FirhoseTimKreger(photo-IldarSagdejev)

Firehose (Electric Guitar and Desktop Computer)  – Tim Kreger

Disembodied voices scream babble into the well from solitude. The mass network experience provides non-consensual participants in a localised peformance for real people in a physical space. Their chatter goes unanswered while we reflect on the sonic consequence of their inane quips, declarations and sandwich narratives.  The twitter firehose projects humanity onto it most banal and addictive screen.

Firehose is a real-time improvisation using the Twitter live stream api.  Twitter provides access to the live stream head which is known as the firehose.  This work uses a filtered form of the firehose to generate a musical stream for the guitar to react to. ASCII characters are mapped to pitch sets and presented in three forms:

1/ In parallel, the mapped pitches control sine tone generators playing simultaneously. Each tweet generates a new sonority and are played as they come off the head of the stream.

2/ Sequentially, each tweet encodes a melodic sequence played by three different waveform generators played in alternation.

3/ Temporally, each tweet triggers an event. This timing of the tweets provides the rhythmic impetus.

The filters used are simple one word filters such as love, happy, lonely, sad etc.  Each filter possesses its own rhythm pace and harmonic patterning as much of traffic can quite often be the same message permeating(ie retweets replies etc).

Spatial location is informed by the geolocation of the tweet if available.

The live guitar is analysed and returns tweets based on dictionaries built up from the incoming tweet stream, mostly babble in response to the text filter.

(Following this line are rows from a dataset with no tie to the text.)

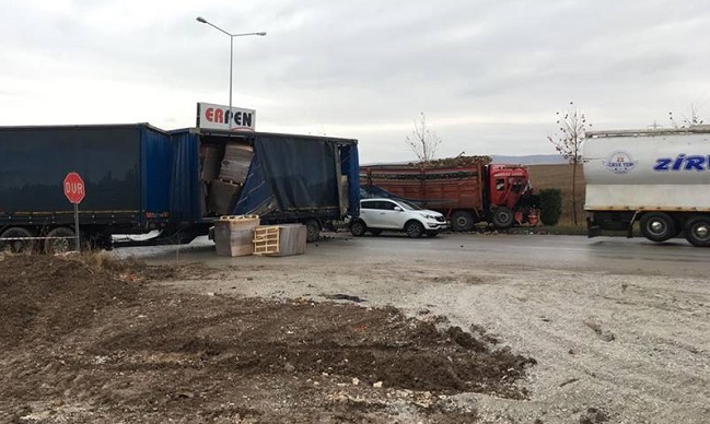 Çorum’da bakliyat yüklü tırla şeker pancarı taşıyan kamyonun çarpışması sonucu meydana gelen kazada kamyon şoförü yaralandı. Kaza nedeniyle yol bir süre trafiğe kapandı. Alınan bilgiye göre, bakliyat yüklü tır, Çorum Organize Sanayi Kavşağı Tüvtürk yakınlarında şeker pancarı yüklü kamyonla çarpıştı. Kazada yaralanan kamyon şoförü olay yerine çağrılan ambulansla Hitit Üniversitesi Erol Olçok Eğitim ve Araştırma Hastanesi’ne kaldırıldı. Çarpmanın etkisiyle devrilen kamyondan yola dökülen şeker pancarları ile tırdaki malzemeler yapılan çalışmanın ardından temizlendi. Kaza nedeniyle yol bir süre trafiğe kapatılırken polis kazaya ilişkin soruşturma başlattı.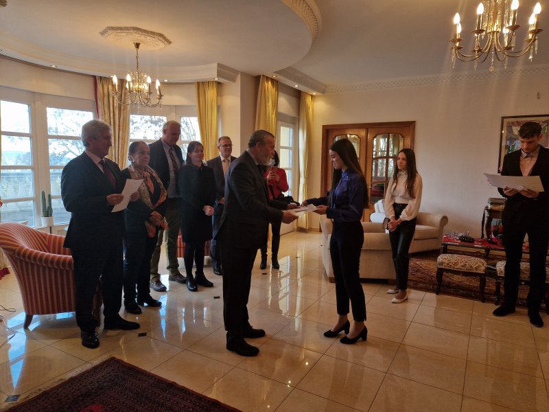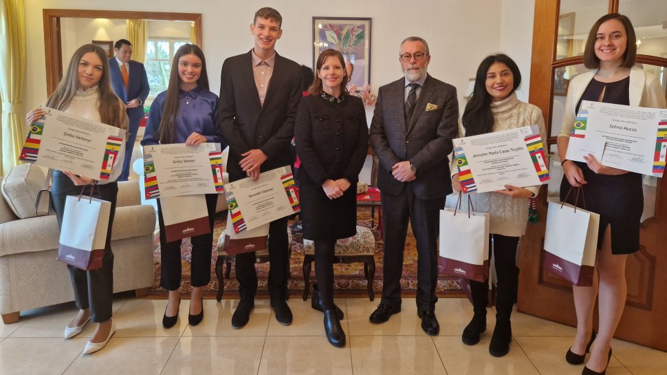 La premiación tuvo lugar en la Residencia de México y contó con la presencia de la Presidenta del Grupo de Amistad Hungría- América Latina, Parlamentaria Sra. Mónika Bartos, el Embajador Especial para la fundación EULAC Sr. Pál Varga Koritár, el Director para América Latina y el Caribe del Ministerio de Relaciones Exteriores, Sr. Lorand Endreffy y los Embajadores y Encargados de Negocios de los nueve países latinoamericanos que patrocinaron el evento. Este certamen se organiza anualmente desde el año 2017 y cuenta con el apoyo de del Ministerio de Relaciones Exteriores de Hungría, el Parlamento Húngaro y del Departamento de Español de la Universidad de ELTE.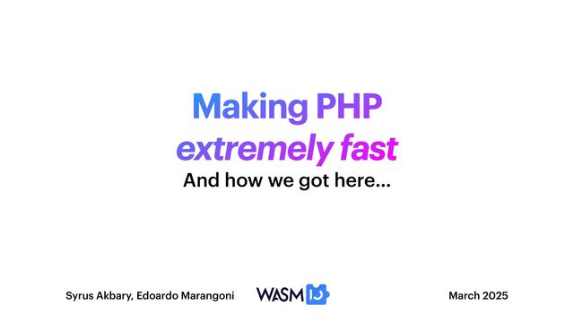 In this talk we'll explore the strategies that we did in Wasmer to make PHP run almost at native speeds, from switching compilers from Cranelift to LLVM, to enable opcache to using WebAssembly Exceptions to bring 10x faster performance.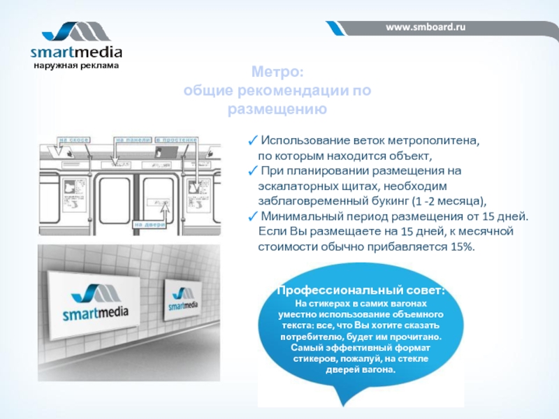 На стикерах в самих вагонах уместно использование объемного текста: все, что Вы хотите сказать потребителю, будет им прочитано. Самый эффективный формат стикеров, пожалуй, на стекле дверей вагона.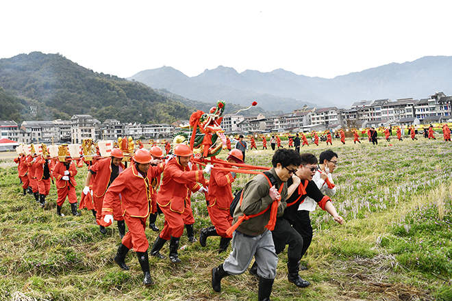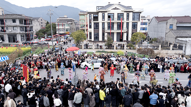 對(duì)八里村村民而言,龍燈盛會(huì)是一年一度的民俗盛宴,年輕一代主動(dòng)參與傳承,熱鬧的氛圍也吸引著周邊村落群眾前來共赴這場(chǎng)傳統(tǒng)之約。據(jù)悉,八里村舞龍燈習(xí)俗始于明朝萬歷年間,至今已有400多年歷史,其中永嘉蝦蛄龍舞于2016年被列入第十批溫州市非物質(zhì)文化遺產(chǎn)名錄,成為當(dāng)?shù)孛袼孜幕孽r明標(biāo)識(shí)。該村龍燈盛會(huì)固定在每年正月初八舉辦,承載著村民們祈求來年風(fēng)調(diào)雨順、國(guó)泰民安的美好心愿。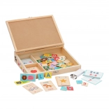 • Équipement complet : 70 pièces en bois, 80 cartes de vocabulaire, 30 cartes d’exercices, 12 cartes de score.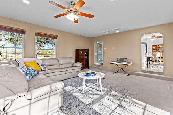 This 3,486 sq ft home is a blank canvas bursting with potential, perfect for those eager to create something truly special. With 4 generously sized bedrooms and 3 bathrooms, it offers plenty of space for comfortable living. The home features two inviting living areas--enjoy a cozy evening by the main-level fireplace or relax around the warmth of the upstairs wood stove. Step out onto the balcony to soak in serene views and imagine endless possibilities. Nestled on 5 acres with prime highway frontage, the property boasts stunning vistas, goat pens, and a large tank--ideal for a hobby farm, country living, or a unique commercial venture. Sold AS-IS, this property is a fantastic opportunity to bring your creative vision to life. Don't miss the chance to transform this space into your dream retreat!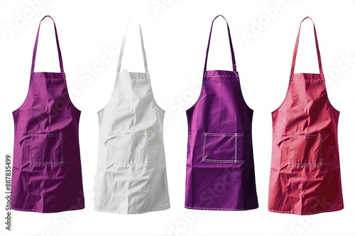 Set of magenta purple pink blank apron restaurant cafe kitchen cook chef uniform, front and flay lay on cutout file. Mockup template for artwork graphic design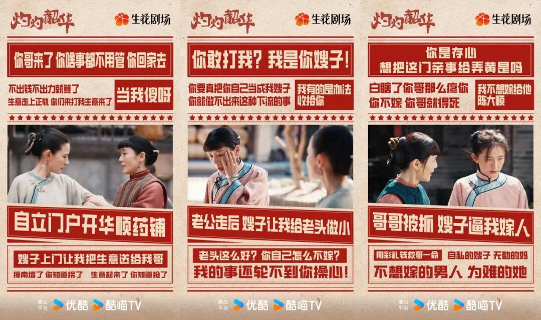 《灼灼韶华》对于题材定位稀缺性的探索为剧集内容能够被大众市场感知,打下了区别于当下市面上其他年代剧的差异化基础。“寡妇”“再嫁”是女主角褚韶华的叙事起点,这一设定在国产剧特别是民国剧中相对稀缺。它打破了传统剧集里较为常见的“未婚少女”或“困于一段婚姻”的女性主角情感模式,并且选择直接将人物置于更复杂、更具戏剧张力的世俗偏见与生存困境中。同时,“中药商贾”这一细分垂类行业题材的新鲜感也作为剧集题材定位稀缺性的一环,为剧集破局提供了有效加持。
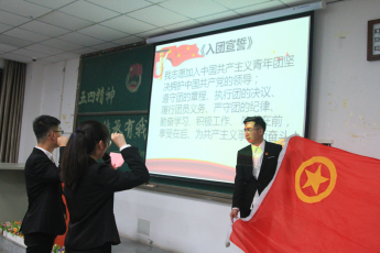 承五四之风,举入团仪式。由储运21703班集体齐唱团歌,班级导师为新团员谭川川授予团徽,团支书孙琰琦带领新团员进行入团宣誓,随后新团员也进行了入团志愿及今后该如何努力的发言。见证了新团员的诞生,老团员们发扬先锋模范作用,储运21703班的李杰、刘佳、阳丹丹与油工(中俄)21801班的沈小述、陈舒、黄盟六位同学携储运21703班全体同学为大家带来朗诵——少年中国说,旨在让新团员认识到团员应有的责任与义务,同时也让在场的观众意识到生逢其时,重任在肩!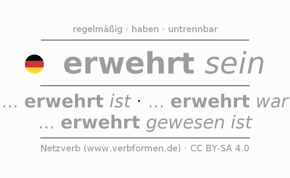 Das Konjugieren des Verbs erwehren erfolgt regelmäßig. Die Stammformen sind ... erwehrt ist, ... erwehrt war und ... erwehrt gewesen ist. Als Hilfsverb von erwehren wird "haben" verwendet. Die Vorsilbe er- von erwehren ist untrennbar. Die Beugung erfolgt im Zustandspassiv und die Darstellung als Nebensatz. Zum besseren Verständnis stehen unzählige Beispiele für das Verb erwehren zur Verfügung. Zum Üben und Festigen gibt es außerdem kostenlose Arbeitsblätter für erwehren. Man kann nicht nur erwehren konjugieren, sondern alle deutschen Verben. Das Verb gehört zum Wortschatz des Zertifikats Deutsch bzw. zur Stufe C2. Kommentare ☆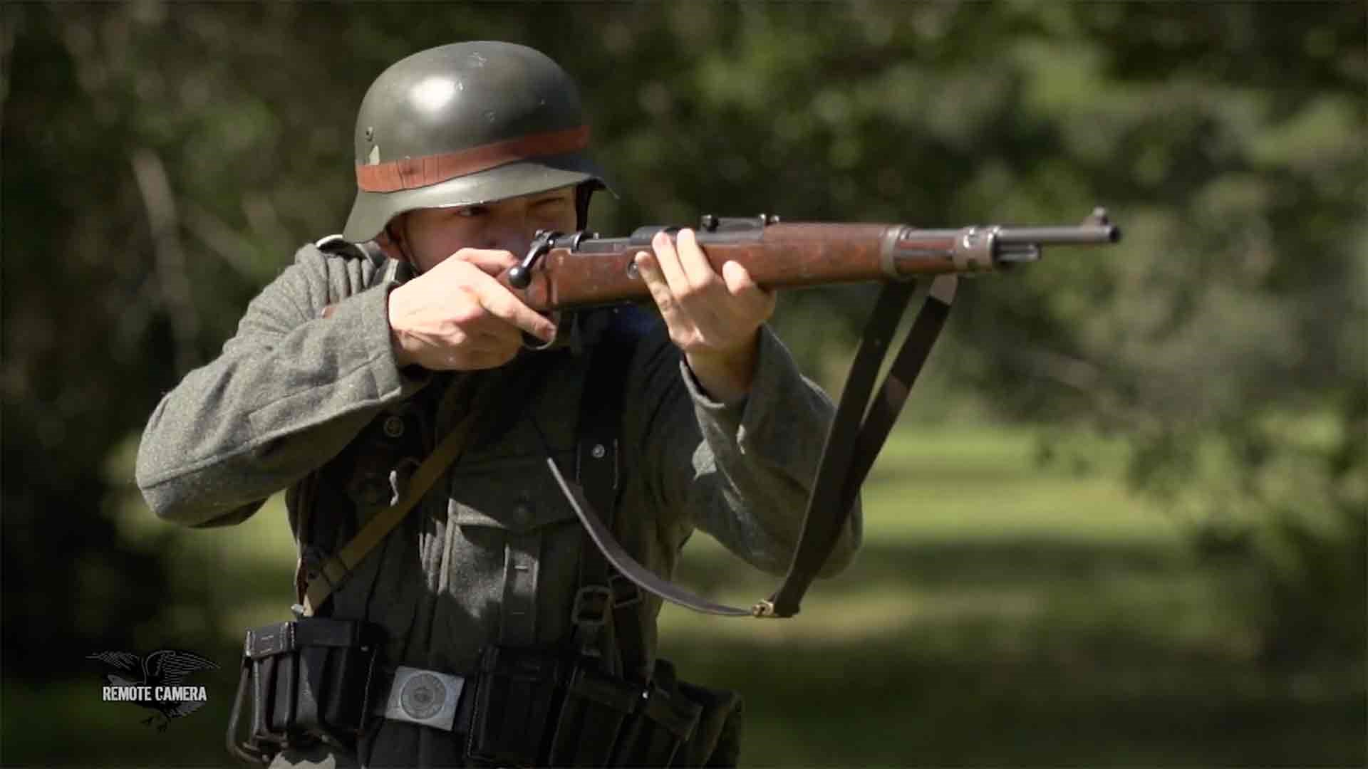 A reenactor dressed as a German Wehrmacht rifleman armed with a Mauser K98k.

The tweets used are projected so the audiences can make their own connections between the sonic events and the content matter of the tweets.

Tim Kreger

Tim Kreger was born in Sydney, Australia in 1967. He studied composition with Larry Sitsky and David Worrall at the Canberra School of Music, Australian National University and received a Bachelor of Music (composition) degree in 1990. In 1997 he received a Masters of Music degree from the same institution. From 1991-2001 he was Lecturer in Computer Music at The Australian Centre for the Arts & Technology. He has been involved in numerous collaborations, most recently with Simulus (with Steve Adam & Ross Bencina) and Metraform. Tim currently develops interactive applications for Museums, Galleries and Research Institutions (www.audioreactive.com) and has worked with Jeffrey Shaw, Dennis del Favero, Gina Czarnecki, Forma Arts, Melbourne Museum and the University of New South Wales.